Set in the thick of the Arab Spring, Kapow! is guided by the high-speed monologue of an unnamed narrator — over-doped, over-caffeinated, overweight — trying to make sense of this history in real time. The design mirrors the narrator with a Marinetti and Apollinaire type twist.
Shelley Trower - Senses of Vibration
A study of the senses through the ages, Trower consults physiologists, physicists, spiritualists and poets to form a comprehensive text on the material experience of vibration.

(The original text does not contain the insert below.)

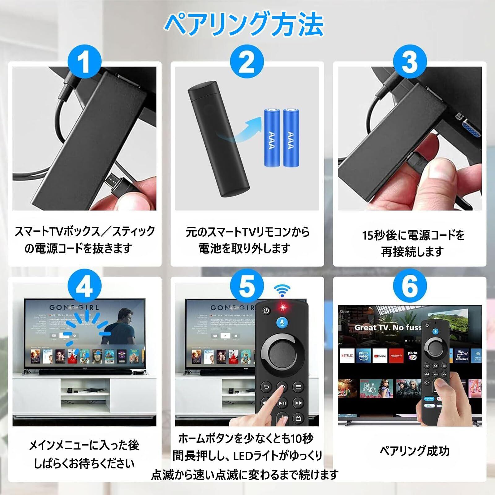 【ペアリング手順(元リモコンがある場合)】1、新しいリモコンの「ホーム」ボタンを10秒以上長押し → LEDがゆっくり点滅から速い点滅に変化し、ペアリング待機状態に。2、元のリモコンで〔設定〕>〔コントローラーとBluetoothデバイス〕>〔TVリモコン〕>〔新しいリモコンを追加〕を選択。3、画面に表示された新しいリモコンを選択 → ペアリング完了メッセージが表示されます。新しいAlexa対応音声認識リモコンの使用を開始できます。

In Heroines, Zambreno extends the polemic begun on her blog into a dazzling, original work of literary scholarship. Combing theories that have dictated what literature should be and who is allowed to write it she traces the genesis of a cultural template that consistently exiles female experience to the realm of the “minor,” and diagnoses women for transgressing social bounds. “ANXIETY: When she experiences it, it’s pathological,” writes Zambreno. “When he does, it’s existential.”
Slavoj Zizek - The Year of Dreaming Dangerously
Rage is building, and a new wave of revolts and disturbances will follow. Why? Because the events of 2011 augur a new political reality. These are limited, distorted—sometimes even perverted—fragments of a utopian future Zizek sees lying dormant in the present.